Document #1218119
HRW – Human Rights Watch (Author)
(Berlin) – The government of Moldova should ensure that Tajik opposition activist Sobir Valiev is not extradited or otherwise returned to Tajikistan, where he faces possible torture or ill-treatment, Human Rights Watch said today. Sobir Valiev, deputy head of the Congress of Constructive Forces of Tajikistan, a peaceful opposition group, was detained on August 11, 2015, at the request of the Tajik government by Moldovan migration police in the Chisinau airport before boarding a flight to Istanbul. Tajik authorities are pursuing Valiev’s extradition on extremism charges that appear politically motivated and in retaliation for his peaceful political opposition activity.
“It is no secret that Tajikistan has a serious problem with torture and that it is actively hunting down political opposition figures,” said Hugh Williamson, Europe and Central Asia division director at Human Rights Watch. “Moldova has an obligation not to return anyone to a country where he or she could face torture or ill-treatment and should abide by those international commitments.”
Valiev’s relatives told Human Rights Watch that in late 2014 and early 2015, Tajikistan’s security services interrogated them on several occasions in Dushanbe, threatening “serious consequences” if Valiev did not return to Tajikistan. At the time, Valiev was living in Kyrgyzstan and frequently traveling to Turkey for business.Tajik authorities have charged Valiev with “public calls for carrying out extremist activity” (art. 307(1)(2)) and “organizing an extremist community” (art. 307(2)(1)) of Tajikistan’s criminal code, charges they have used in a number of cases that appear politically motivated.
Following an August 14 court hearing in Moldova, Valiev is in a temporary detention facility in Chisinau.
“Valiev urgently needs protection,” Williamson said. “Moldovan authorities should make sure they don’t send him back to Tajikistan, where it’s clear he is at serious risk of abuse and wouldn’t get a fair trial.”
In the last year, Tajik authorities have dramatically widened a crackdown on the political opposition. In another recent case, on July 24, a Dushanbe court sentenced a peaceful youth activist, Maksud Ibragimov, to 17 years in prison on similar charges for extremism following a deeply flawed trial.

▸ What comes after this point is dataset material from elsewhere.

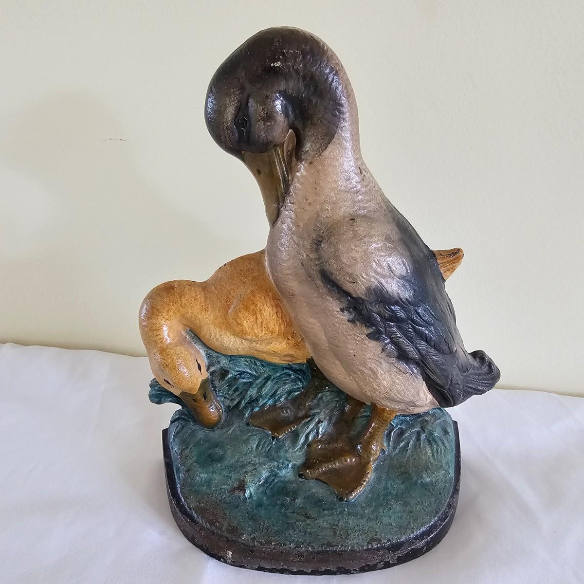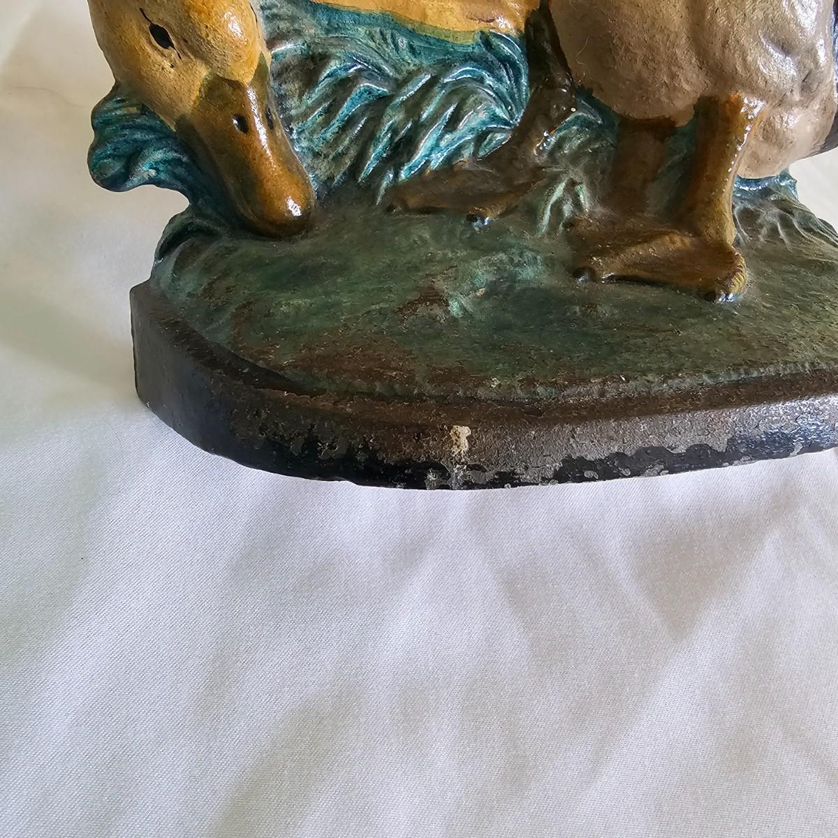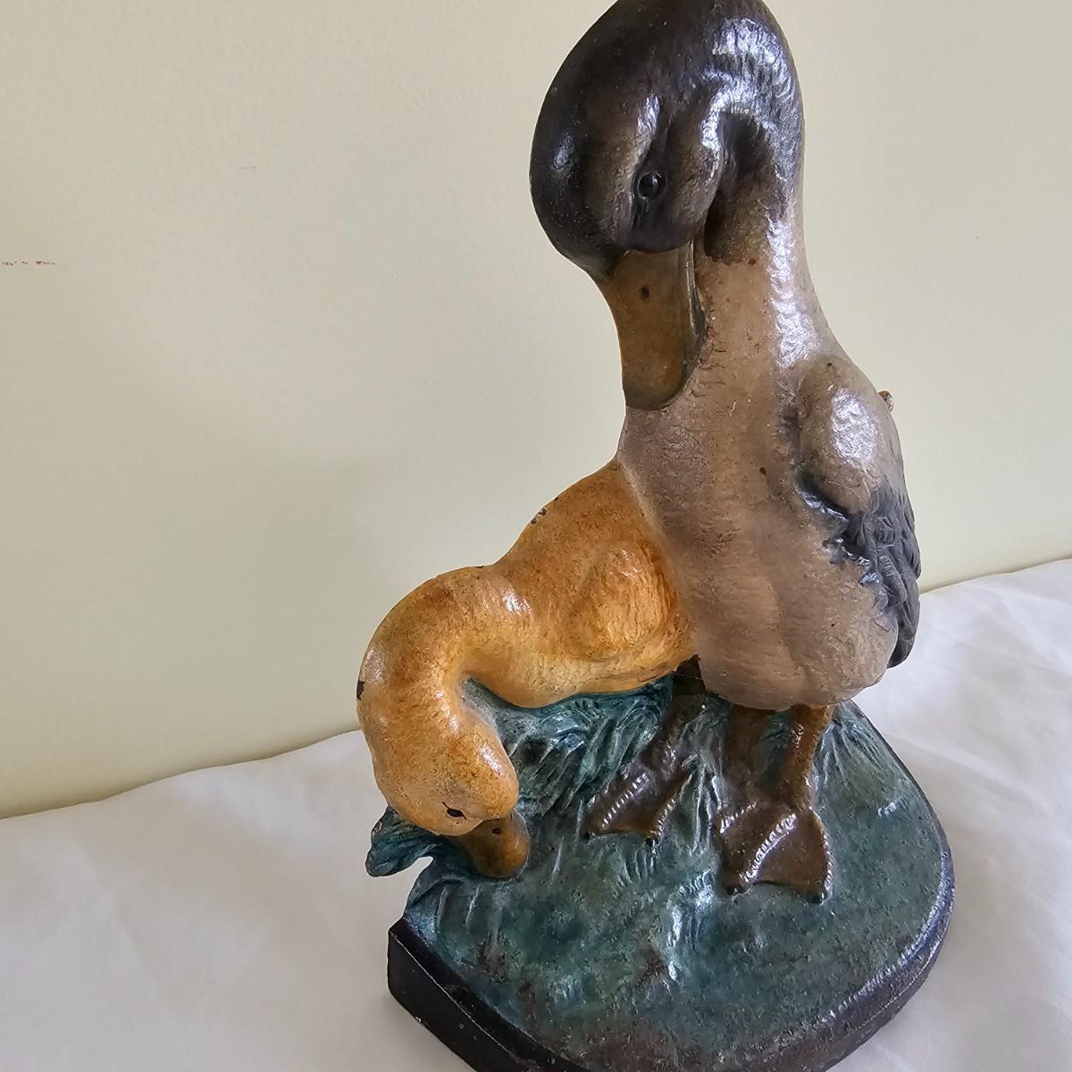 Two items includes a pair of ducks and a pig as cast iron doorstops. Painted in natural colors, the ducks measure 3" x 7" x 8.5"H. Slight wear on bottom front and near top of tall head. Pig has some wear and rust spots, measures 3.5" x 8" x 6"H. See photos for details. Shipping available.

Ibragimov is the leader of the opposition group Tajikistan’s Youth for Revival. He is a Russian citizen, and had lived in Moscow for over 10 years. He was detained in October 2014 on a Tajik extradition request, but then released. In November 2014, unidentified assailants stabbed him six times on a Moscow street.
On January 20, 2015, his relatives reported that police from Moscow’s Preobrazhenskaya district detained him, took him to a police station, and told him to write a witness statement about the stabbing. Witnesses reported that as soon as he left the police station, several unidentified people kidnapped him, drove him to the airport, and forced him onto a plane to Dushanbe, where he was arrested when he landed. Ibragimov told his lawyer later that he had been tortured into telling the Tajik press that he had returned to Tajikistan voluntarily.
In another case, on July 15, Belarusian authorities detained a peaceful Tajik activist, Shabnam Khudoydodova, in the city of Brest, as she was crossing the Russian-Belarusian border. Khudoydodova, a member of “Group 24” who lives in St. Petersburg, had also publicly called for democratic reforms in Tajikistan. After learning on July 12 that Tajik authorities might be preparing to kidnap or forcibly return her to Tajikistan, Khudoydodova fled Russia to Belarus, where she had planned to apply for refugee status with the United Nations refugee agency in Minsk. Tajik authorities have also charged her with extremism and are seeking her extradition.
“Tajikistan’s opposition is under serious attack,” Williamson said. “Dushanbe has no business retaliating against people who are speaking out peacefully, and other governments shouldn’t be complicit in their crackdown or violate their clear cut and absolute obligations under international law.”